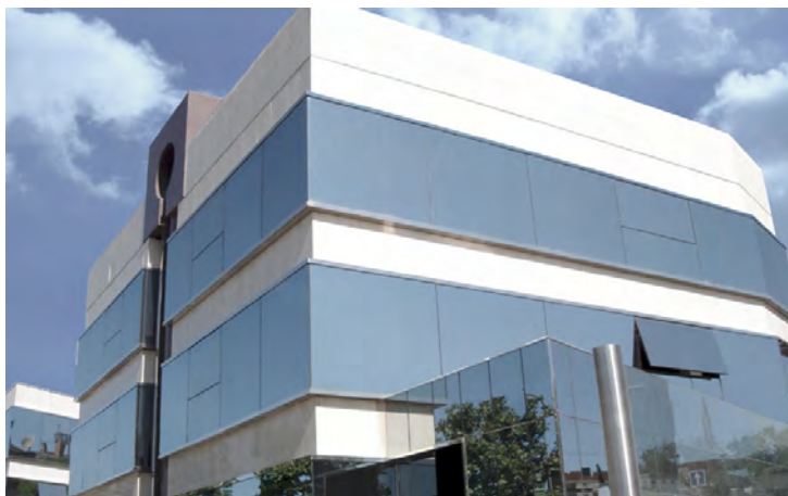
Sede central Madrid
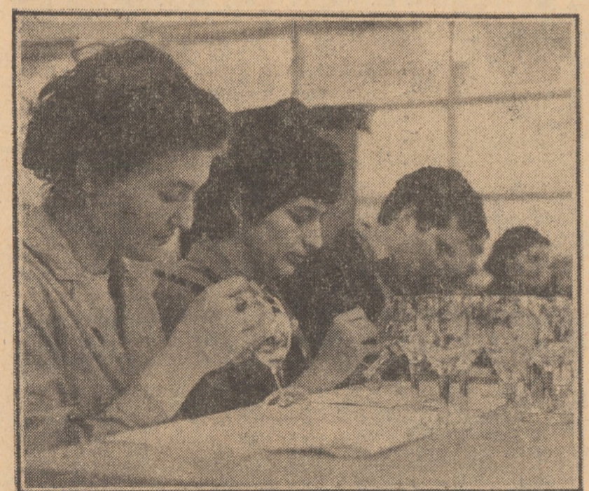
Se aplică decorul pe articolele fine de menaj din sticlă, la fabrica „Virtometan” Medias

■ Întreprinderile și organizațiile economice din județul Bihor au aplicat, în perioada ce s-a scurs din acest an, peste 270 de măsuri tehnico-organizatorice, avînd ca scop creșterea eficienței activității lor. Acestea au determinat micșorarea cheltuielilor de producție cu 11,5 milioane lei, sporirea productivității muncii, pe ansamblul industriei județului cu 1,7 la sută peste prevederile planului. În prezent, sînt în curs de finalizare alte 160 măsuri tehnico-organizatorice, care vor permite o reducere a cheltuielilor de producție, pînă la sfîrșitul anului, la nivelul economiei județului cu peste 26,5 milioane lei. (Agorpres)

[Exercise instructions]
In the copy you write, the data above must appear exactly, with no pictures.

[Solution below]
Sede central Madrid
Se aplică decorul pe articolele fine de menaj din sticlă, la fabrica „Virtometan” Medias

■ Întreprinderile și organizațiile economice din județul Bihor au aplicat, în perioada ce s-a scurs din acest an, peste 270 de măsuri tehnico-organizatorice, avînd ca scop creșterea eficienței activității lor. Acestea au determinat micșorarea cheltuielilor de producție cu 11,5 milioane lei, sporirea productivității muncii, pe ansamblul industriei județului cu 1,7 la sută peste prevederile planului. În prezent, sînt în curs de finalizare alte 160 măsuri tehnico-organizatorice, care vor permite o reducere a cheltuielilor de producție, pînă la sfîrșitul anului, la nivelul economiei județului cu peste 26,5 milioane lei. (Agorpres)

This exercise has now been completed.